Books, videos, and other typical mass media are not themselves examples of a Participatory environment, but they also usually don’t do a good job of facilitating external participation, outside the context of those media. This is another way of saying that they usually fail to create an Enabling environment.
There’s an important disconnect between the experience of consuming the informational media and the experience of doing something with it. This is partially a temporal issue: the material needs to transcend the confined time period in which you read it (Mass mediums mostly lack an authored time dimension beyond a day). But there’s also a context issue here.
MOOCs attempt to solve this but largely fail. It’s worth reflecting more on why.
One potential solution is Enacted experiences have incredible potential as a mass medium.

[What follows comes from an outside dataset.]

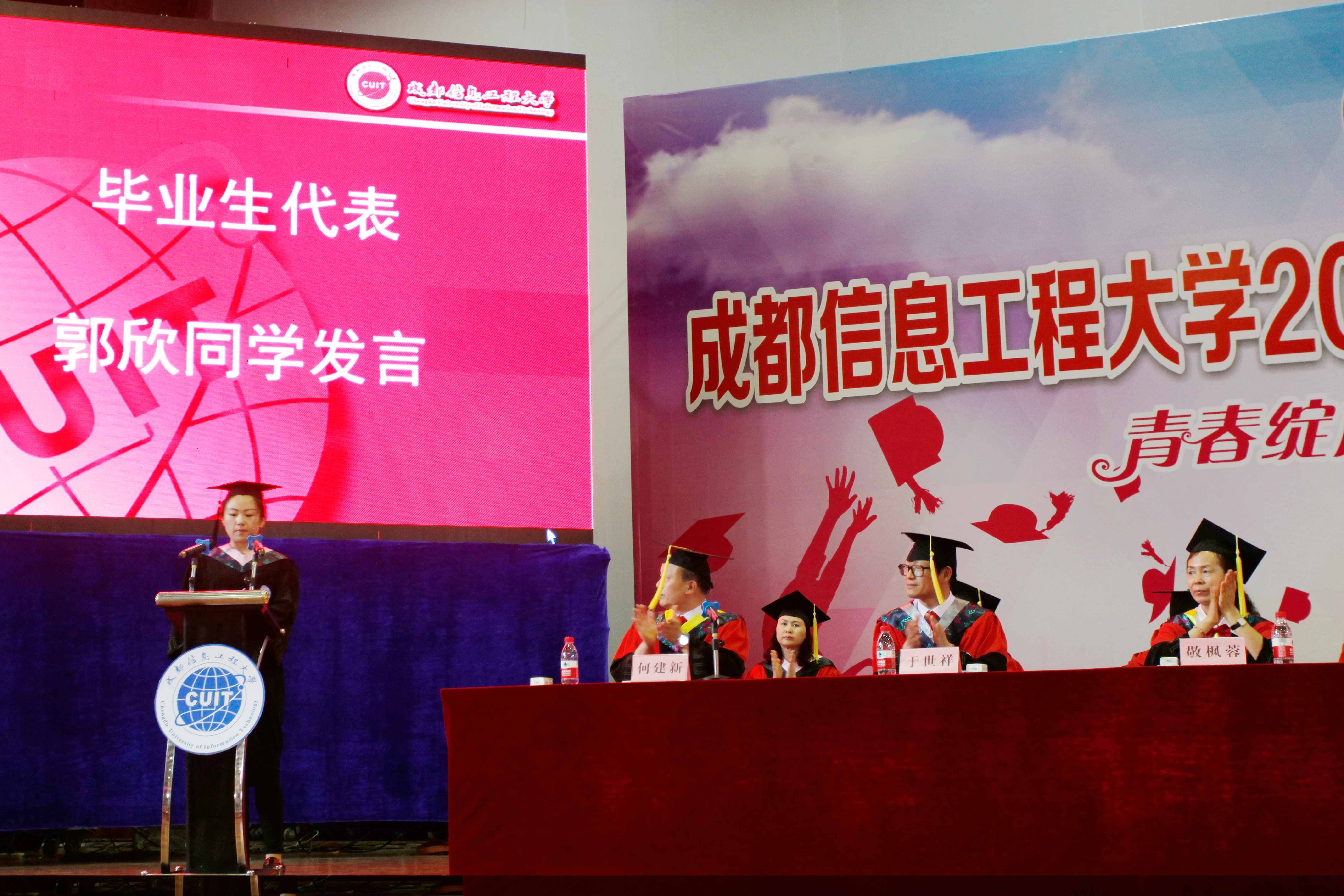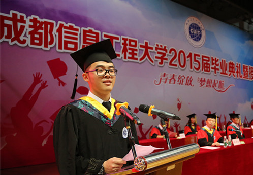 省级优秀毕业生、资源环境学院龙禹桥同学,省级优秀毕业生、文化艺术学院郭欣同学作为毕业生代表发言。四年的时光,弹指一挥间。他们深情回顾了四年的大学生活,感谢母校、老师的哺育和教导,感谢父母的默默付出,感谢朝夕相处的同学带给人生难忘的记忆。他们表示,今后无论走到哪里,永远都会记得自己是成信人,必将以“成于大气,信达天下”的校训作为动力,用最豪迈最稳重地步伐朝着美好的未来努力前进。

There are probably others.
Related: What’s the big-picture impact of the mnemonic medium on readers?
Elizier Yudkowsky’s preface to Rationality A-Z: https://www.lesswrong.com/rationality/preface
…the first -largest mistake in my writing … was that I didn’t realize that the big problem in learning this valuable way of thinking was figuring out how to practice it, not knowing the theory. I didn’t realize that part was the priority; and regarding this I can only say “Oops” and “Duh.”
Q. What does Elizier Yudkowsky regard as the largest mistake he made when blogging on Less Wrong?
A. Focusing on theory instead of practice.